Время оставило на этом лице множество отметин: морщины, складки, борозды, бородавки, щеки запали там, где недостает зубов… Том выглядел старым и беспомощным, и я подумал, ведь он скоро умрет. Может быть, я впервые видел его по-настоящему. Нам кажется, будто мы знаем лица своих знакомых, и мы останавливаем на них глаз, не вглядываясь, не рассматриваем, а узнаем. Сейчас я смотрел по-новому, изучал. Лицо старика. Он оперся на локти.

– Подними подушку, чтобы мне сесть.

Его голос звучал вполовину прежней силы. Я поднял подушку и поддержал его, чтобы он оперся спиной. Теперь спина была на подушке, голова – на вогнутом днище бочки. Он расправил на груди рубашку.

Единственная горящая лампа заморгала под струей воздуха из приоткрытого потолочного люка. Желтоватый свет в комнате померк. Я наклонился подкрутить фитиль. Снаружи ветер немного сменил направление, дом загудел еще громче.

– Санта-Ана задула? – спросил Том.

– Ага. Сильная. И жаркая.

– Я заметил.

– Еще бы не заметить. У тебя тут как в печке. Не хотелось бы жить в пустыне, если там все время так.

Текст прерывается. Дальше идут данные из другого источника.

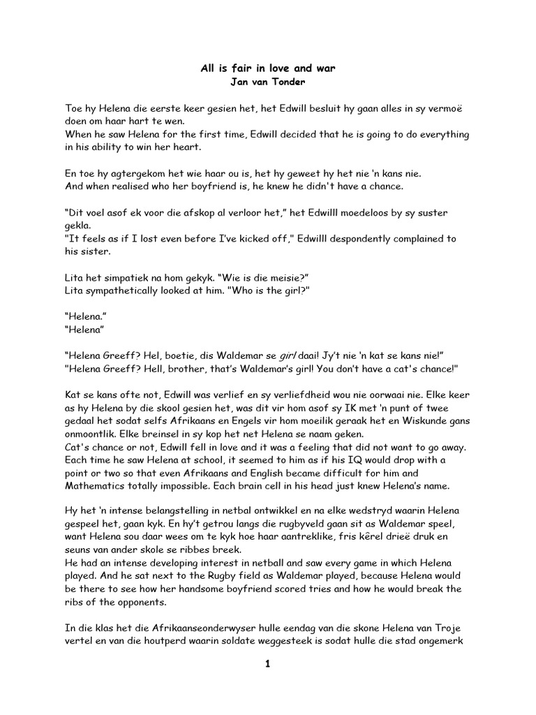 “All is fair in love and war” is ‘n humoristiese liefdesverhaal. Dit is meer as die gewone

– Раньше было. Но ветер жаркий не из-за пустыни, а из-за того, что переваливает горы и на спуске нагревается от сжатия. Сжатие нагревает.

– Угу.

Я стал описывать, как Санта-Ана корежит привыкшие к морскому ветру деревья, но он видел Санта-Ану прежде, и я замолк. Мы немного посидели, не торопясь заполнить молчание. Сколько часов мы провели вместе вот так, за разговором или в тишине… Я вспомнил эти часы, и мне сделалось тоскливо. Я думал: не умирай пока, я еще не всему у тебя научился. Кто скажет мне, что читать?

В этот раз Том собрался с силами и завел разговор:

– Ты начал писать в книге, которую я тебе дал?

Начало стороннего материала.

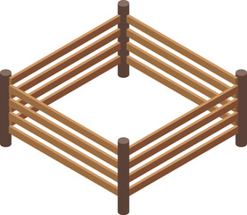 Detailed isometric graphic of a wooden fence arranged in a pen shape, suitable for farm layouts
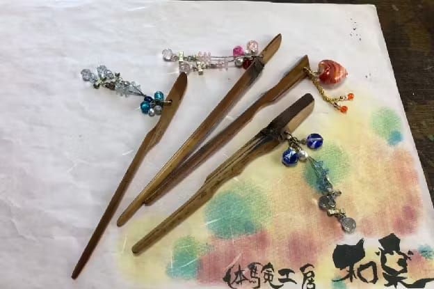 Experience Kyoto technology in a townhouse! Let's make Kyoto hairpins! We are making "Kyoto hairpins" using 200-year-old soot bamboo. The characteristic of soot bamboo hairpins is that they do not fall off even with vigorous movements, so they are used on Kabuki stages and period dramas. These are authentic hairpins that can only be made in our workshop. You will be asked to design and produce the hairpin yourself. You can also enjoy your time choosing your favorite dragonfly decoration. Just looking at the original designed decorations will surely make you excited. Please rest assured that Stas will respond carefully. Men sometimes make them as gifts for loved ones. How about the one and only original kanzashi in the world, not only for everyday use, but also for walking around Kyoto, coming-of-age ceremonies, and graduation ceremonies? The interior of the store has a nostalgic atmosphere. Please take a look at the indoor museum.The experience location is a Kyoto townhouse with a nostalgic atmosphere. What's appealing about it is that you can relax and create in a calm atmosphere. There are museum-quality exhibits inside the room, making it popular with foreigners and families. Our store is a 10-minute walk from JR Kyoto Station. Please come and visit us once while sightseeing in Kyoto.
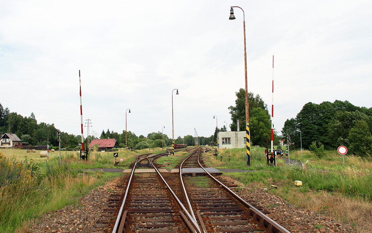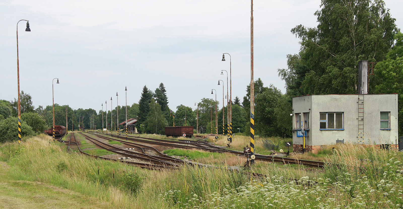| | Pohled na kolejiště stanice Rybniště ve vrcholícím létě roku 2015. |

– Нет, Том, даже не открывал. Не знаю, как к этому и подступиться.

– Я говорил серьезно. – Он смотрел прямо на меня. Глаза его, несмотря на слабость, сохраняли былую строгость.

– Я понял. Но как писать? Да я и толком не знаю, как слова пишутся.

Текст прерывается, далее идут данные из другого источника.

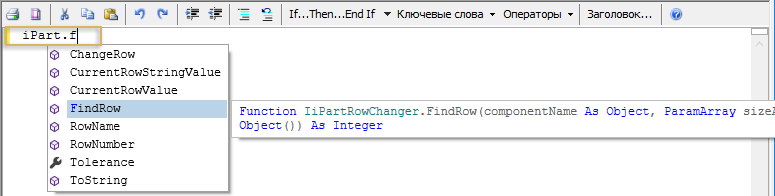 Например, введите «.» после переменной и начните ввод или в любой момент нажмите CONTROL + ПРОБЕЛ либо ALT + СТРЕЛКА ВПРАВО. При этом отобразится список доступных вариантов в алфавитном порядке. Полное описание переменной отображается в подсказке.
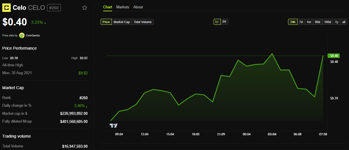 Efter tillkännagivandet steg CELO:s pris med nästan 4 %, vilket återspeglar marknadens optimism om flytten.

– Как пишутся, – скривился Том. – Велика важность. Шесть сохранившихся подписей Шекспира написаны четырьмя различными способами. Помни это, когда будешь тревожиться о том, как правильно писать. И грамматика тоже никому не нужна. Просто пиши, как рассказывал бы. Ясно?

– Но, Том…

– Не знаю никаких «но». Зря что ли я учил тебя читать и писать?

– Не зря, но мне нечего писать. Это ты мастер рассказывать истории. Вроде той, где ты встретил самого себя, помнишь?

Он смутился.

– Ну, где ты подобрал самого себя на обочине, – напомнил я.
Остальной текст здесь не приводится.